INSTRUCTIONS TO FOLLOW: From the records below, please print only the lines from the one containing "Entièrement recouvertes de" through the one containing "If you're looking", both included. Skip the pictures.

SUPPLIED MATERIAL:

+ + + + + + +

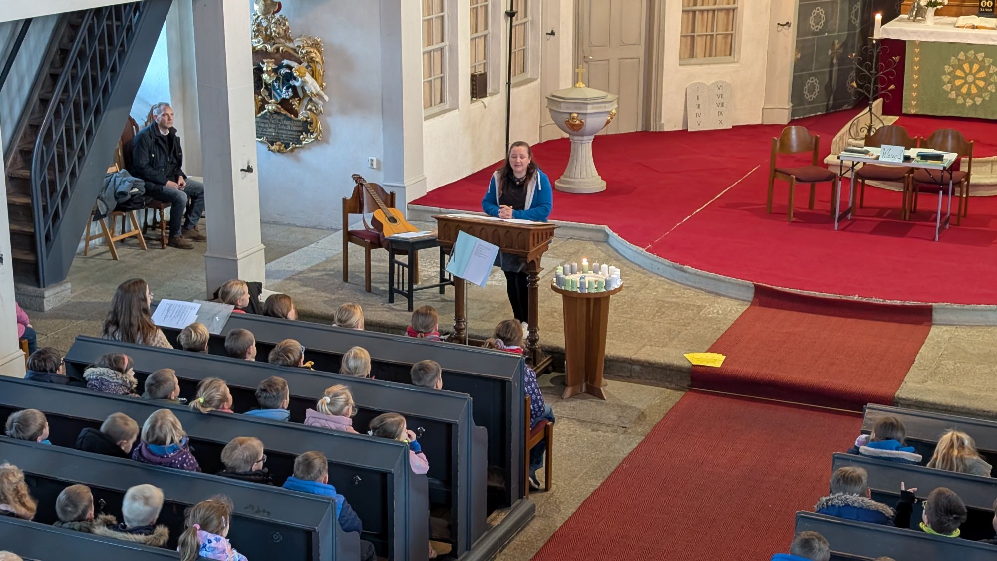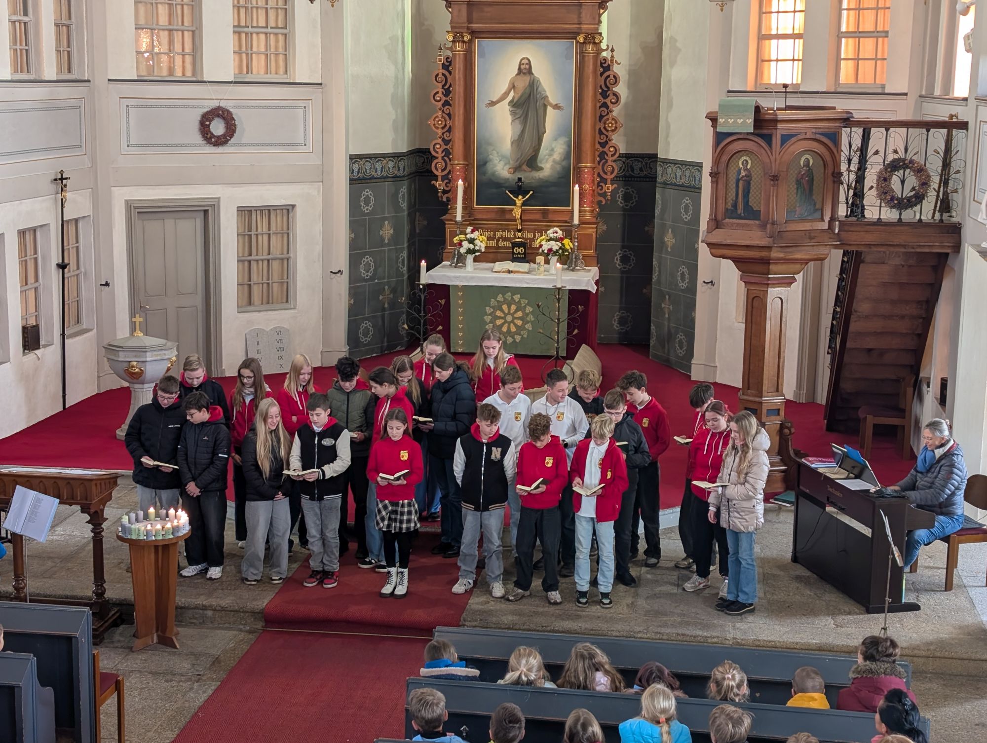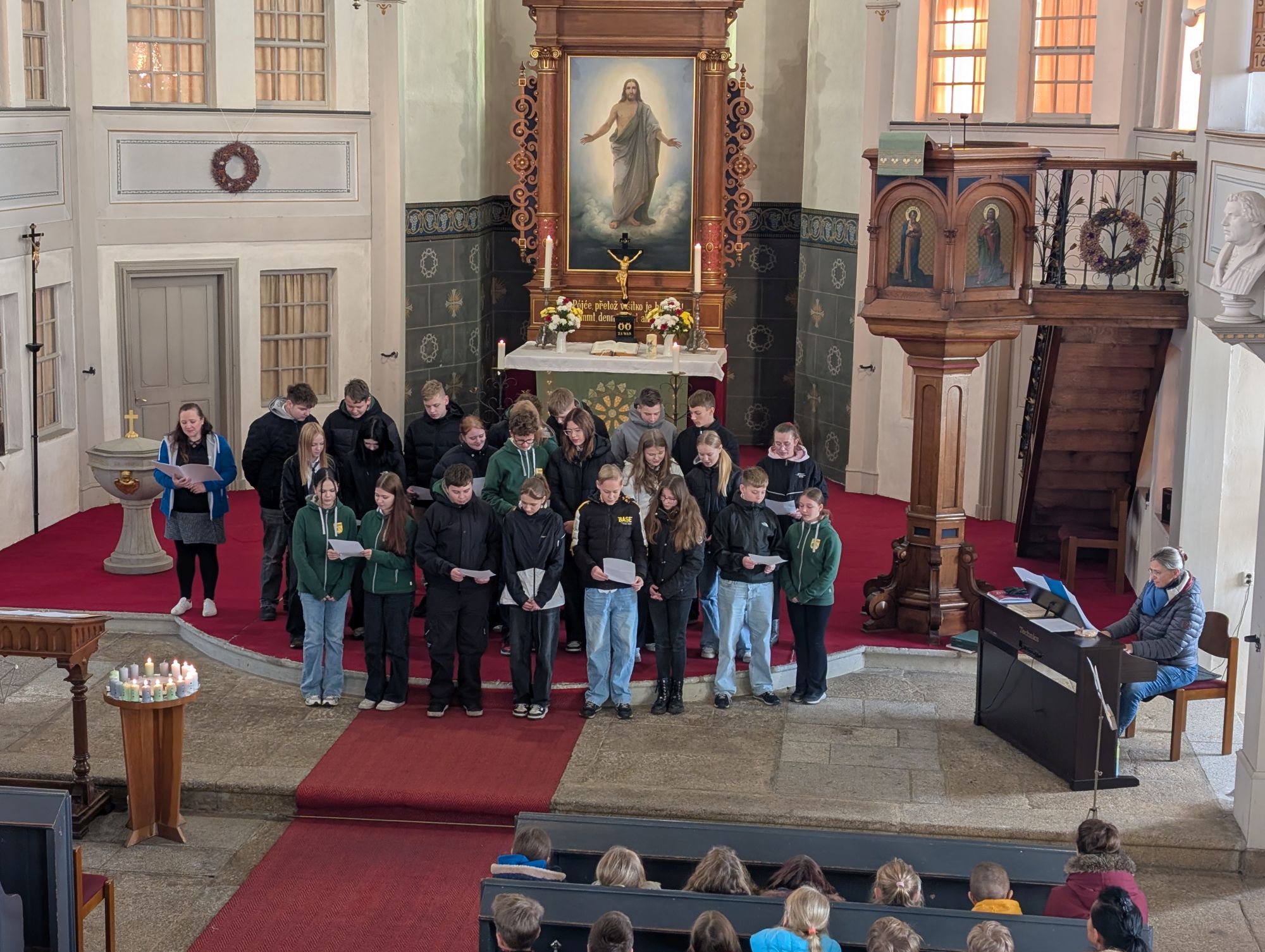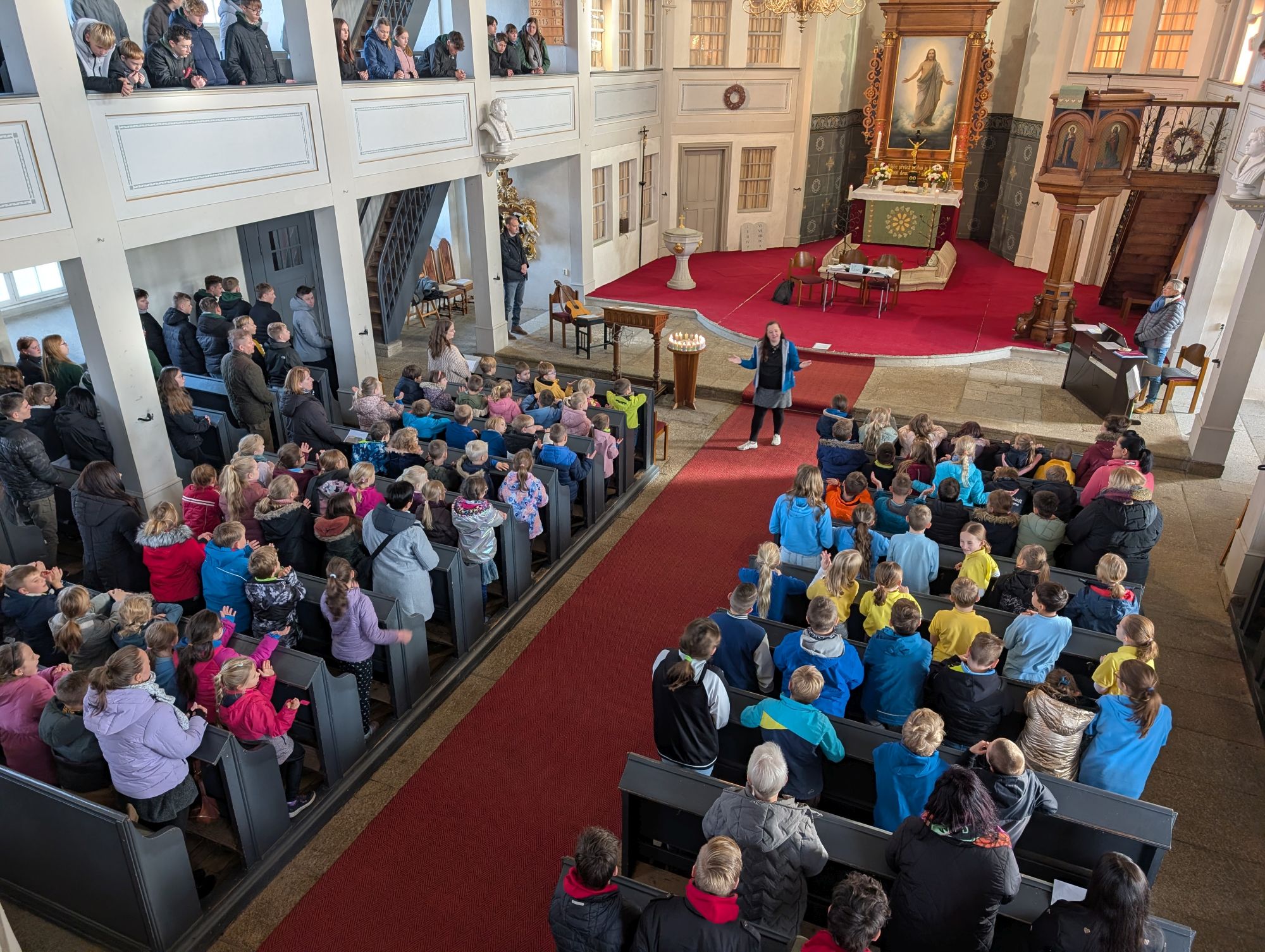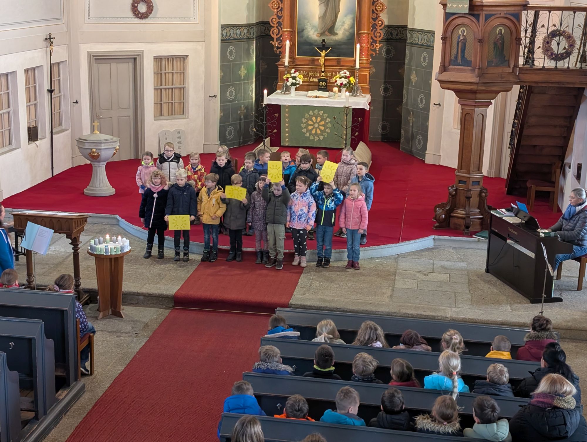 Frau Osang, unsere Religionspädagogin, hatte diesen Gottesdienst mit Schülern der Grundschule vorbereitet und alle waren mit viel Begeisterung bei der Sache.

+ + + + + + +

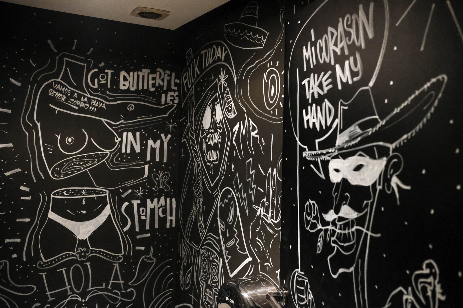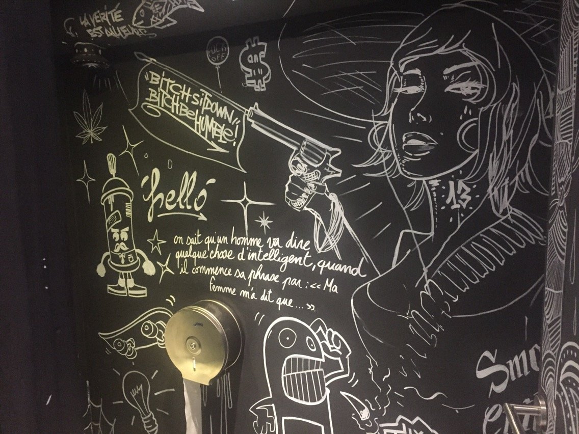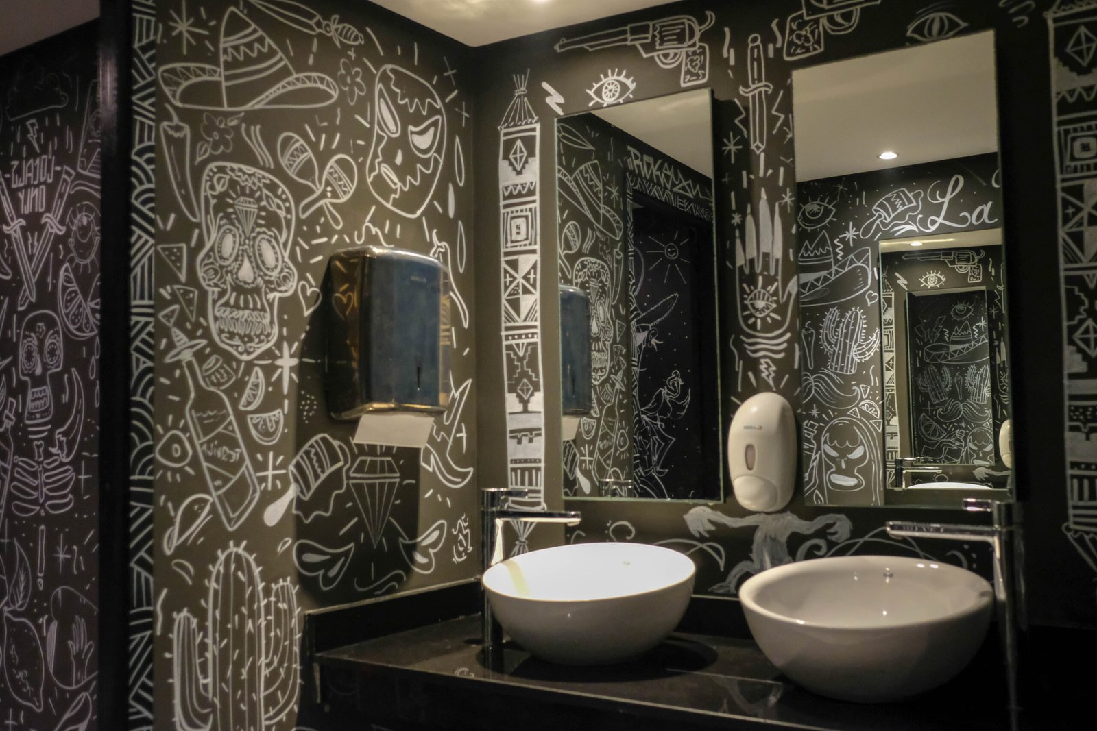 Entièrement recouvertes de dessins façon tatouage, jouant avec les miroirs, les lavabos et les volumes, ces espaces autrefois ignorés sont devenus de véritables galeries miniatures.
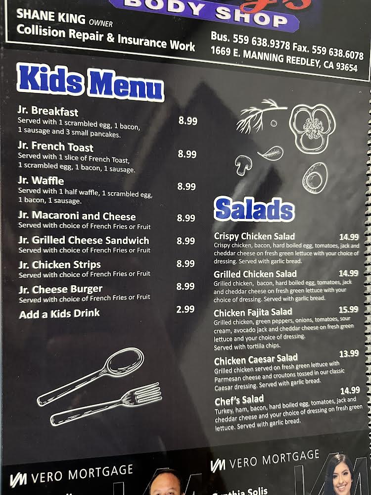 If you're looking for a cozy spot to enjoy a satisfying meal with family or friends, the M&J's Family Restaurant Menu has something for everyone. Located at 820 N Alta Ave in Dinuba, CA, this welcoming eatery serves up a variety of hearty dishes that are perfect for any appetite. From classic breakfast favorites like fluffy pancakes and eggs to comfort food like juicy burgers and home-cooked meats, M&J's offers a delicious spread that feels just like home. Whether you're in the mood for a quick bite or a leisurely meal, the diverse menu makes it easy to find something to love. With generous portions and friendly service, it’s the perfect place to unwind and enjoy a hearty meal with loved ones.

+ + + + + + +

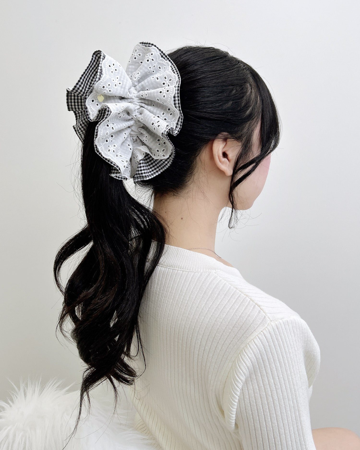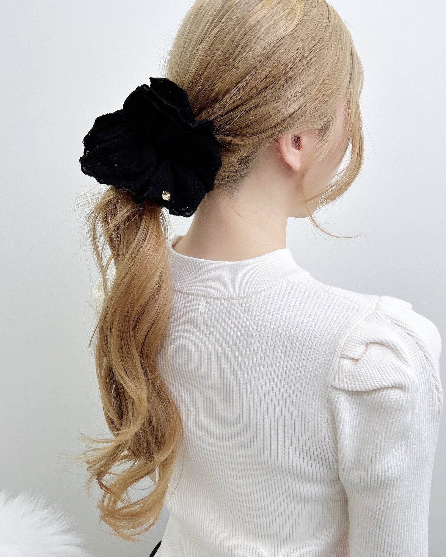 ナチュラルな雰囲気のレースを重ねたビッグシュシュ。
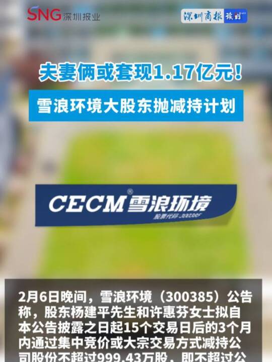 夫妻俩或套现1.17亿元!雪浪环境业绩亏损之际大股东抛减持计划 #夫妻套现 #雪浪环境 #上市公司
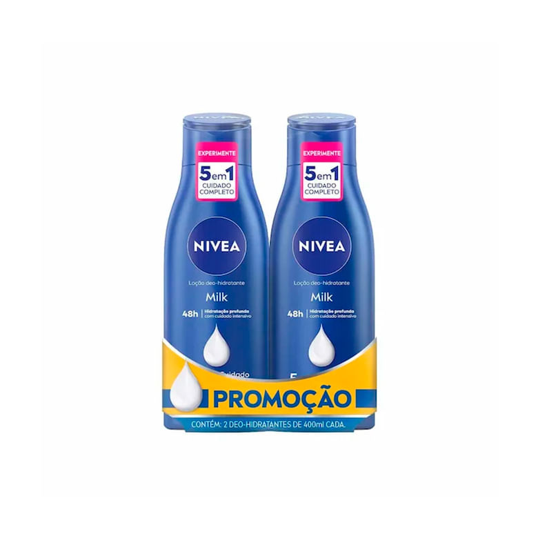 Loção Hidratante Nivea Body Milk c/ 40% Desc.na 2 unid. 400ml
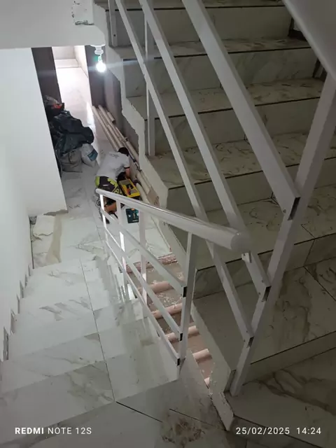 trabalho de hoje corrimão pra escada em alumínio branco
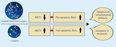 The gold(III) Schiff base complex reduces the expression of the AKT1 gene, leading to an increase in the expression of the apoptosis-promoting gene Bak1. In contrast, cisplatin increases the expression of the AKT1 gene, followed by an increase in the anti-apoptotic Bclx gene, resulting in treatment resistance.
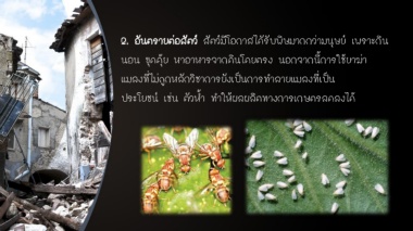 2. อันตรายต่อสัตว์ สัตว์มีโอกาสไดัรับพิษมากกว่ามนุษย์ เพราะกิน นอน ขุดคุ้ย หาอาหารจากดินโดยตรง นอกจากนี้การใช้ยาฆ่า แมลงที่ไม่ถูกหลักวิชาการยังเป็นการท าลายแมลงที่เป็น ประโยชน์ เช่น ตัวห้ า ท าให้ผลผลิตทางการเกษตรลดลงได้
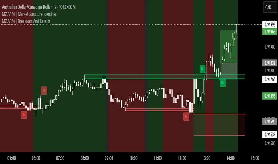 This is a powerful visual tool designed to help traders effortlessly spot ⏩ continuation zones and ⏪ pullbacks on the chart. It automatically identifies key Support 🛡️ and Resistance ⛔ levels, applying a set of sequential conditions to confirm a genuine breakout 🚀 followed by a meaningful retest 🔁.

+ + + + + + +

OUTPUT OF THE EXERCISE:
 Entièrement recouvertes de dessins façon tatouage, jouant avec les miroirs, les lavabos et les volumes, ces espaces autrefois ignorés sont devenus de véritables galeries miniatures.
 If you're looking for a cozy spot to enjoy a satisfying meal with family or friends, the M&J's Family Restaurant Menu has something for everyone. Located at 820 N Alta Ave in Dinuba, CA, this welcoming eatery serves up a variety of hearty dishes that are perfect for any appetite. From classic breakfast favorites like fluffy pancakes and eggs to comfort food like juicy burgers and home-cooked meats, M&J's offers a delicious spread that feels just like home. Whether you're in the mood for a quick bite or a leisurely meal, the diverse menu makes it easy to find something to love. With generous portions and friendly service, it’s the perfect place to unwind and enjoy a hearty meal with loved ones.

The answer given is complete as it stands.